■ Records for this exercise:
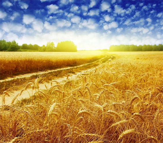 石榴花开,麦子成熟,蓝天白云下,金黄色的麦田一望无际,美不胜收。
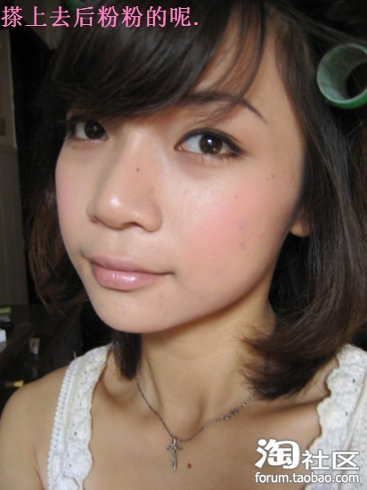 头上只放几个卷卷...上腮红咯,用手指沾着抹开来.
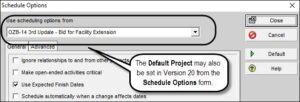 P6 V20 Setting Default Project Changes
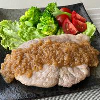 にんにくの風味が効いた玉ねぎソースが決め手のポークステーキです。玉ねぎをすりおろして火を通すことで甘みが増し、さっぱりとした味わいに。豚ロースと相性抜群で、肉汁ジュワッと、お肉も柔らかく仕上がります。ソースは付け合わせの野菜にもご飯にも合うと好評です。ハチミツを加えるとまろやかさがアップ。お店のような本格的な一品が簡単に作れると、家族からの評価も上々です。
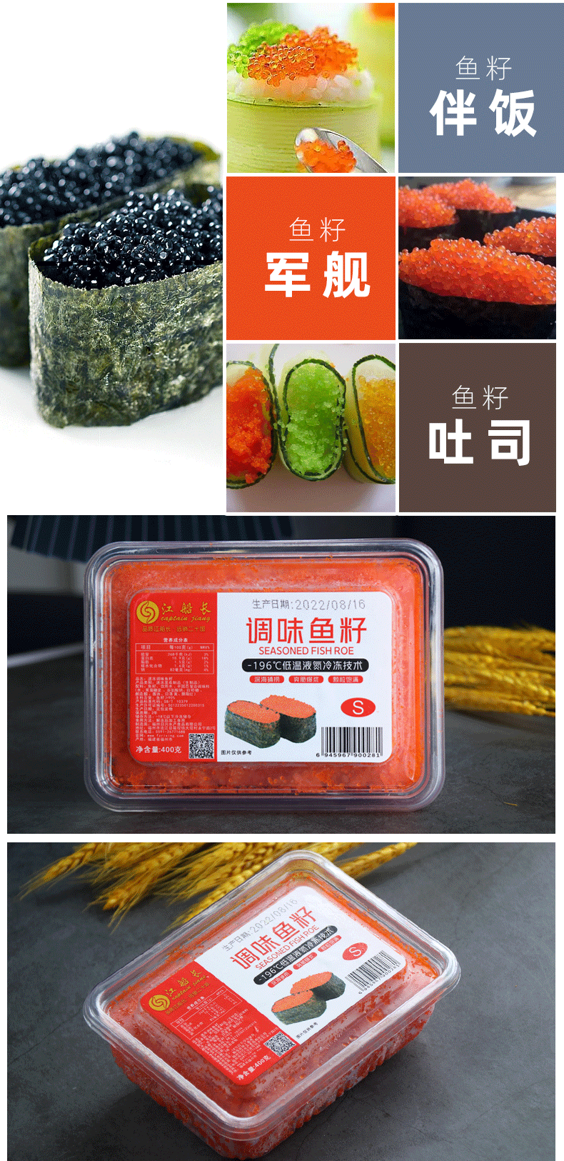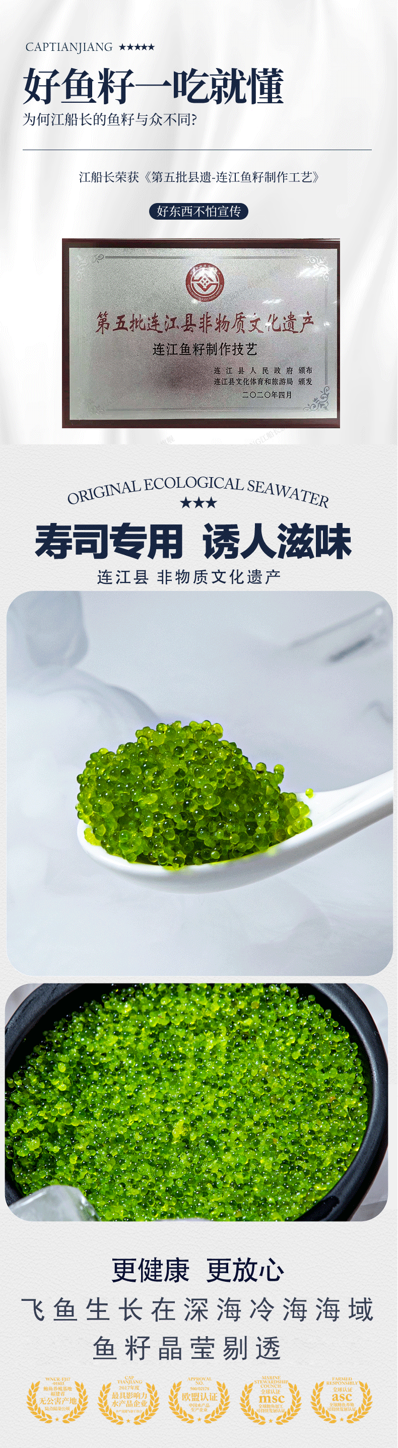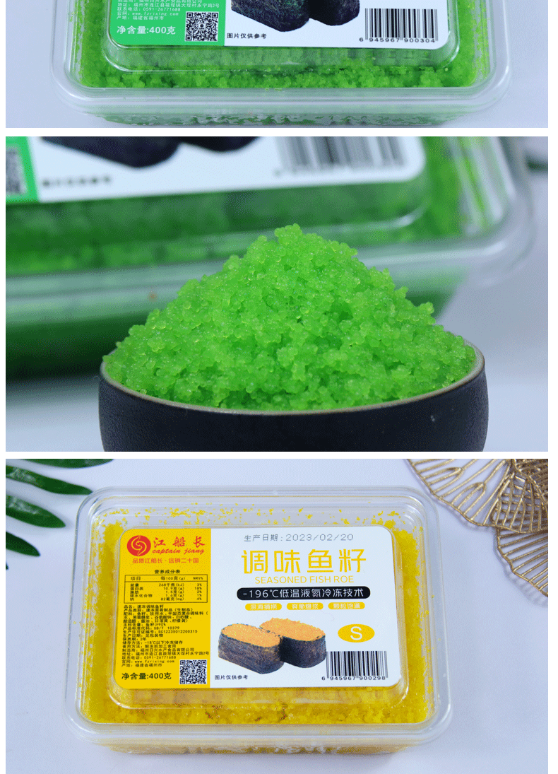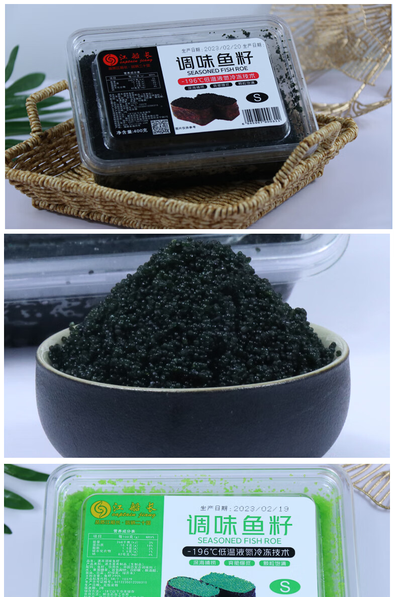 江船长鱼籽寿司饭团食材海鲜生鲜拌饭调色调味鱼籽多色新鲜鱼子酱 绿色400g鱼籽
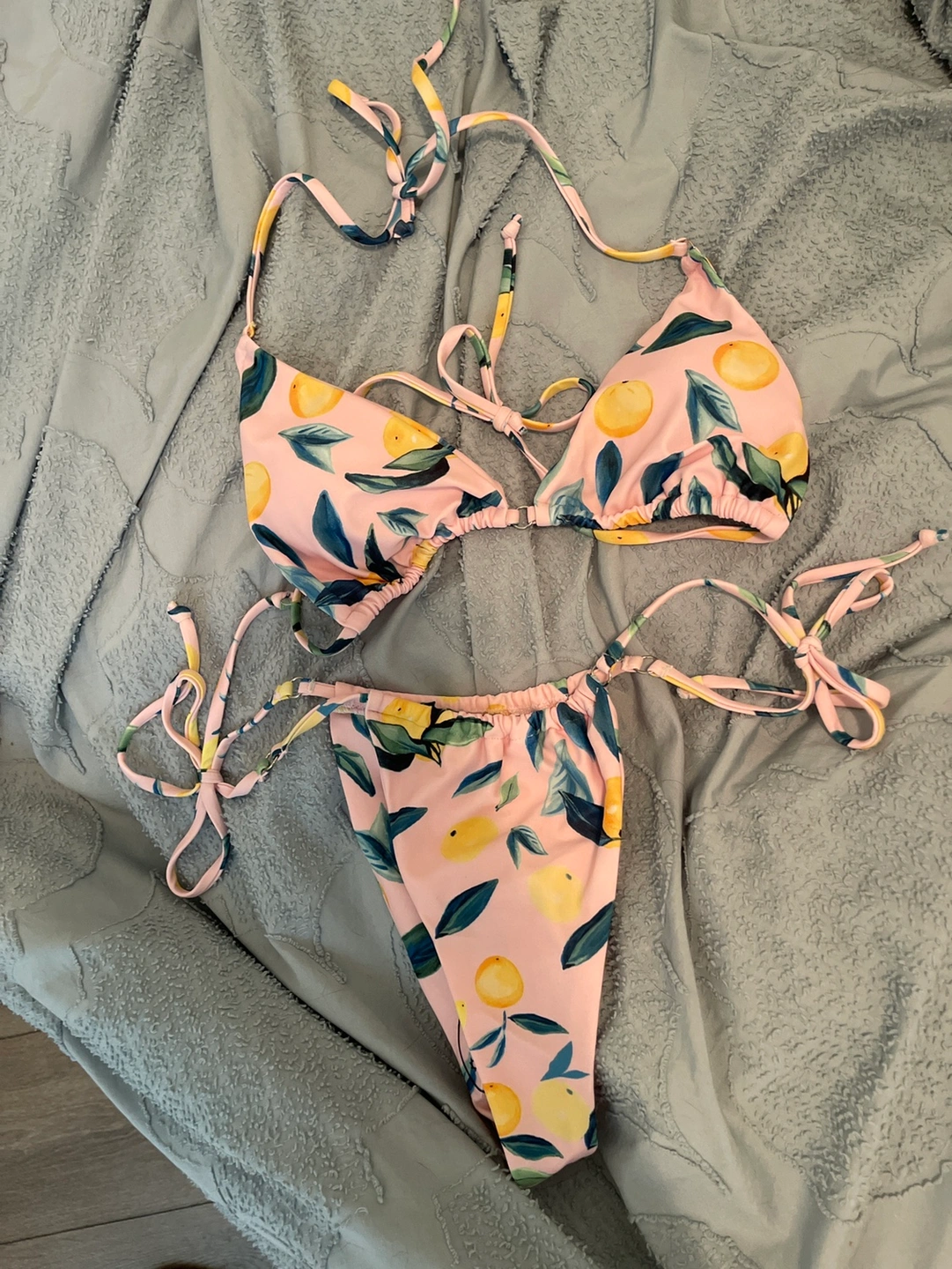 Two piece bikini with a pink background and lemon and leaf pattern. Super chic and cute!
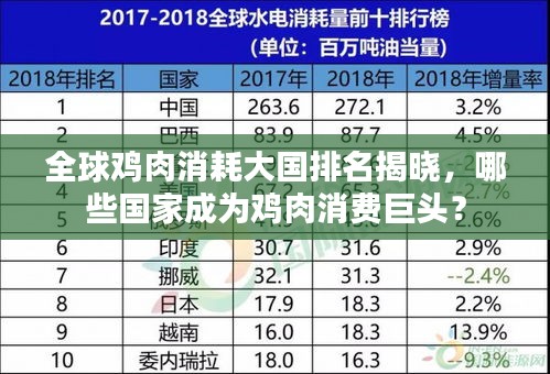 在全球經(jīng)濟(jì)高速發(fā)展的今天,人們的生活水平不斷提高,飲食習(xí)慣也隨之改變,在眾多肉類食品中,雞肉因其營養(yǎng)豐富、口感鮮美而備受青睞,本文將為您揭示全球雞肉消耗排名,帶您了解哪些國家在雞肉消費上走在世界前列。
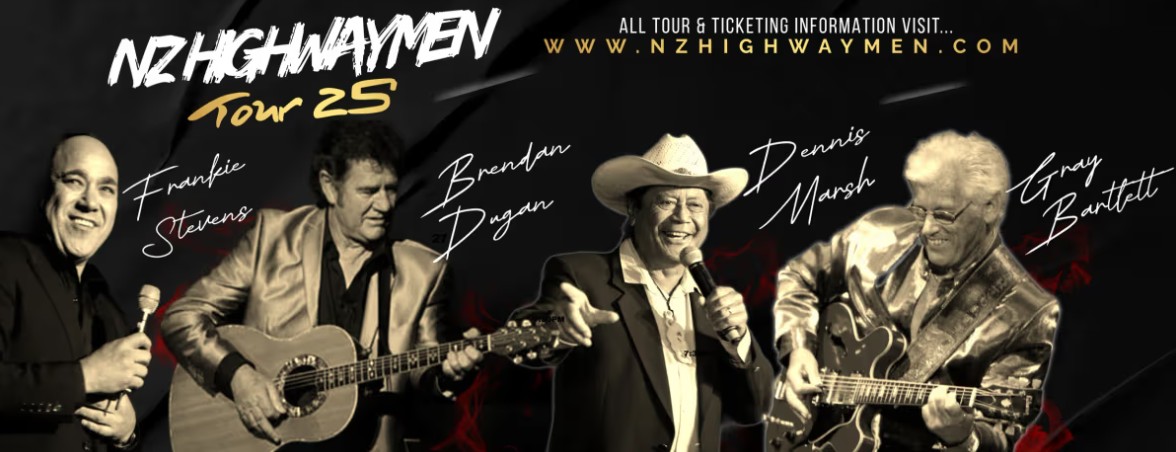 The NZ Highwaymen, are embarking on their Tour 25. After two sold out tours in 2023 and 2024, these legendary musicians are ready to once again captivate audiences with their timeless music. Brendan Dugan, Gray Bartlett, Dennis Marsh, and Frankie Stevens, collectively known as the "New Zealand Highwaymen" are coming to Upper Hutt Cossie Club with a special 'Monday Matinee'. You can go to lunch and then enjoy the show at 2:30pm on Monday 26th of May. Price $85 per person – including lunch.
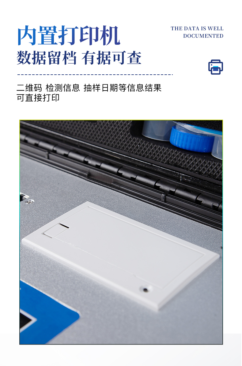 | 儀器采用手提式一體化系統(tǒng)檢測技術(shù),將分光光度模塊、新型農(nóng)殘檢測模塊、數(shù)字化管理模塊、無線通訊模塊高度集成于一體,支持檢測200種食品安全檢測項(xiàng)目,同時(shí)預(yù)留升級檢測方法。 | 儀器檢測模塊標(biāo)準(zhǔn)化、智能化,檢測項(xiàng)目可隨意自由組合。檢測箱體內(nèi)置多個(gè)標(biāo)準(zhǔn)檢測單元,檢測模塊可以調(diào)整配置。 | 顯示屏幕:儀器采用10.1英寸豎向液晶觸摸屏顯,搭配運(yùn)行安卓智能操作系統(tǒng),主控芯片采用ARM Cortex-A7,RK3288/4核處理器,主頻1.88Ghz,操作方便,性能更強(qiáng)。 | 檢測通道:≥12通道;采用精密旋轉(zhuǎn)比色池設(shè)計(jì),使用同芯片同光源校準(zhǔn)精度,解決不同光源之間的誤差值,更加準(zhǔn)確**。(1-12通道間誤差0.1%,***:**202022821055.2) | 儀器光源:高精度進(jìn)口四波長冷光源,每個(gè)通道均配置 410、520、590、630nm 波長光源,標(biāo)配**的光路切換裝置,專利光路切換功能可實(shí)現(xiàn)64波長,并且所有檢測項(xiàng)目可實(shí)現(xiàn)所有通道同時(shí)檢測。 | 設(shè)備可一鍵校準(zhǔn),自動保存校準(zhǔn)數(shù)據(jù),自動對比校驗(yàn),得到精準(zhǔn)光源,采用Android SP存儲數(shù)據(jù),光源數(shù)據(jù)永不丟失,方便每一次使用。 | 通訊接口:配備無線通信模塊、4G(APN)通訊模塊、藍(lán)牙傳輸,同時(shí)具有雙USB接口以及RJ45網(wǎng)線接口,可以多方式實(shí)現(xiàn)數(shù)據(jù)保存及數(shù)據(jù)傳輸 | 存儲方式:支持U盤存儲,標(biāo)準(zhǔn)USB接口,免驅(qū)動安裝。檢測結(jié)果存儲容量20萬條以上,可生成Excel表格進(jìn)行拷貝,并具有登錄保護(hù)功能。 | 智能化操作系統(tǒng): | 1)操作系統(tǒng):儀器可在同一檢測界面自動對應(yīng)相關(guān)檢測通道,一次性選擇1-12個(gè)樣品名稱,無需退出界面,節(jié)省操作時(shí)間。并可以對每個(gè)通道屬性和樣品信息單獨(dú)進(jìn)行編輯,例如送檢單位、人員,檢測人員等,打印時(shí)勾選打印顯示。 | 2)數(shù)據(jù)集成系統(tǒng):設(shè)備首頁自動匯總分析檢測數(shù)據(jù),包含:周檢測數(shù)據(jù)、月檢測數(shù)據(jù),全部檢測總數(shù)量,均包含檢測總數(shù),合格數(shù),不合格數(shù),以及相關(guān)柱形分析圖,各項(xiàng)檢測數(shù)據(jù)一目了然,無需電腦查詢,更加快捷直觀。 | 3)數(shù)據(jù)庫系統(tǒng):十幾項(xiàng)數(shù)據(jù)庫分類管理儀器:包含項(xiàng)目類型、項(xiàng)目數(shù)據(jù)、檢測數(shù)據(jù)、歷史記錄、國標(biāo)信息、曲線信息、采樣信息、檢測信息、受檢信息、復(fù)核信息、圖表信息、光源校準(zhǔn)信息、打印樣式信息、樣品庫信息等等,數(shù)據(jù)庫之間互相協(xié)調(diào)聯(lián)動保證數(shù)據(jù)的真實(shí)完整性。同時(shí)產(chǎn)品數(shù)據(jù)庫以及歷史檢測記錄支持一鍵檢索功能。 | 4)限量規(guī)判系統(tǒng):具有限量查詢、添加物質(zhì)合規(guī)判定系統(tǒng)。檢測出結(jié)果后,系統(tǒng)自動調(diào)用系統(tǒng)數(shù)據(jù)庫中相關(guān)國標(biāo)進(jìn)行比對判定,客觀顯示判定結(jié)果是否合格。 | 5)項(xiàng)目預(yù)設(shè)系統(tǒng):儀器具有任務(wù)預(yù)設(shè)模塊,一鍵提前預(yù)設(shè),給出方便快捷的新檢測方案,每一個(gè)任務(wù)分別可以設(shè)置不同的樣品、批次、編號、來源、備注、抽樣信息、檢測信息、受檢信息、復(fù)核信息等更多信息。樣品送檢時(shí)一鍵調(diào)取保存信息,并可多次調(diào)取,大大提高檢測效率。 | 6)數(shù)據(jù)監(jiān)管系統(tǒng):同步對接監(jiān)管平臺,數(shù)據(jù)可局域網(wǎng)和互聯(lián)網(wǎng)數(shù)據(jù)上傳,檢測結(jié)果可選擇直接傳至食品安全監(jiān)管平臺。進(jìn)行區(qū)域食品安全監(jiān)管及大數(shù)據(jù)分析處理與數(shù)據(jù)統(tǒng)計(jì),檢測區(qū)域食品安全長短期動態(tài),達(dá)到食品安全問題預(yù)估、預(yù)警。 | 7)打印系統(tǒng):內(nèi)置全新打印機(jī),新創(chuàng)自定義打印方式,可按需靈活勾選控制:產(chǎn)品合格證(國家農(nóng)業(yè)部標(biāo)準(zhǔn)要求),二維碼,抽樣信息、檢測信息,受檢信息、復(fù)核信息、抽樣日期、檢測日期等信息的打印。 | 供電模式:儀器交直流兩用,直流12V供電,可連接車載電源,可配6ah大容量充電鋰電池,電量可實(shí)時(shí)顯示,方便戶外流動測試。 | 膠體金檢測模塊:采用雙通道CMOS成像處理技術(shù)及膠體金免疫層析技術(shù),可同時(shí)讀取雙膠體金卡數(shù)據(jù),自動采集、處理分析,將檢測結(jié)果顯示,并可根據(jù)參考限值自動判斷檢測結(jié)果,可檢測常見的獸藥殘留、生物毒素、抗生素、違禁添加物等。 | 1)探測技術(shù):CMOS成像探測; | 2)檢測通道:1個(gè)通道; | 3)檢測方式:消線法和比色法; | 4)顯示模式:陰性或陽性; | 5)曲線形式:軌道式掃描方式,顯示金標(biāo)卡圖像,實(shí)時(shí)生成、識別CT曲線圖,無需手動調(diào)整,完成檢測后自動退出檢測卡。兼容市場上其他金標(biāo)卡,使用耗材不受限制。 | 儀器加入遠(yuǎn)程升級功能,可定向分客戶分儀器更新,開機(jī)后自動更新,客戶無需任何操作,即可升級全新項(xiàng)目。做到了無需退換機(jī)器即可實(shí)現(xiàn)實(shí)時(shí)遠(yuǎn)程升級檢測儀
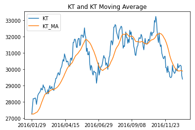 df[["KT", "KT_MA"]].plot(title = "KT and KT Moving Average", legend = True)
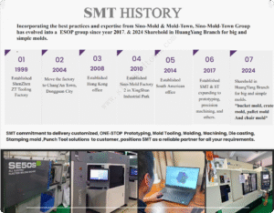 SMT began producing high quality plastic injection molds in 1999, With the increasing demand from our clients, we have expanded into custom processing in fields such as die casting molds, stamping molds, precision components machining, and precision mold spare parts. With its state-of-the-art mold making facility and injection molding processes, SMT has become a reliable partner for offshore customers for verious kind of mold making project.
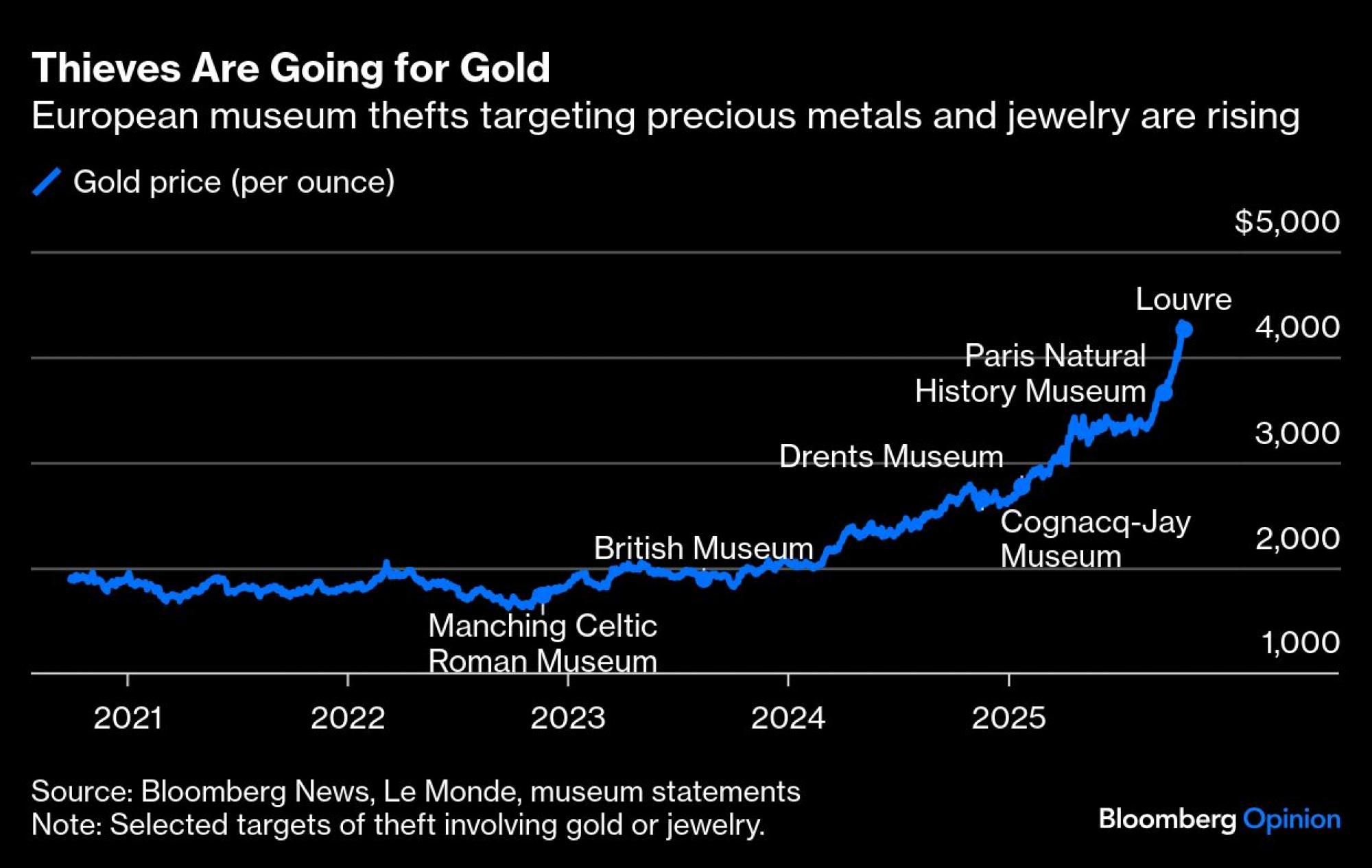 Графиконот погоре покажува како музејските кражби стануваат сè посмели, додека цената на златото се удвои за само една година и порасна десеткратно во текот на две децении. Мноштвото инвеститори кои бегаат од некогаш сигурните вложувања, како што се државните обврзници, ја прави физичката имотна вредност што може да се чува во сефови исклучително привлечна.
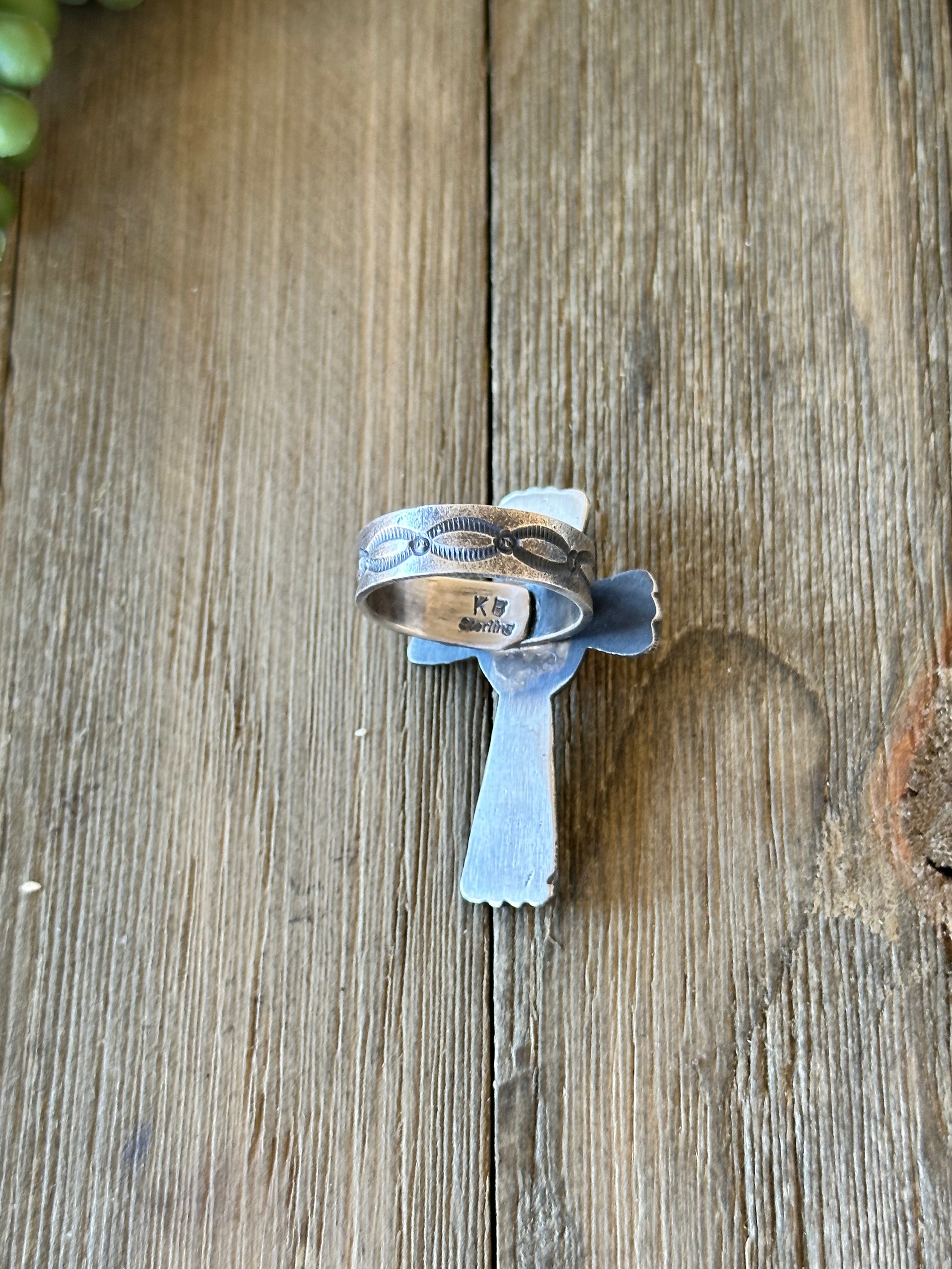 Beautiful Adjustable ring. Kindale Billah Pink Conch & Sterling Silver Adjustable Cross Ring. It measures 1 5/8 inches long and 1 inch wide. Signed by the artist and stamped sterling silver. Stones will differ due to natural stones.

■ What to produce: Skip the pictures, please, and transcribe only the lines from the beginning of the material through the one that contains "在全球經(jīng)濟(jì".

■ Solution to the exercise:
 石榴花开,麦子成熟,蓝天白云下,金黄色的麦田一望无际,美不胜收。
 头上只放几个卷卷...上腮红咯,用手指沾着抹开来.
 P6 V20 Setting Default Project Changes
 にんにくの風味が効いた玉ねぎソースが決め手のポークステーキです。玉ねぎをすりおろして火を通すことで甘みが増し、さっぱりとした味わいに。豚ロースと相性抜群で、肉汁ジュワッと、お肉も柔らかく仕上がります。ソースは付け合わせの野菜にもご飯にも合うと好評です。ハチミツを加えるとまろやかさがアップ。お店のような本格的な一品が簡単に作れると、家族からの評価も上々です。
 江船长鱼籽寿司饭团食材海鲜生鲜拌饭调色调味鱼籽多色新鲜鱼子酱 绿色400g鱼籽
 Two piece bikini with a pink background and lemon and leaf pattern. Super chic and cute!
 在全球經(jīng)濟(jì)高速發(fā)展的今天,人們的生活水平不斷提高,飲食習(xí)慣也隨之改變,在眾多肉類食品中,雞肉因其營養(yǎng)豐富、口感鮮美而備受青睞,本文將為您揭示全球雞肉消耗排名,帶您了解哪些國家在雞肉消費上走在世界前列。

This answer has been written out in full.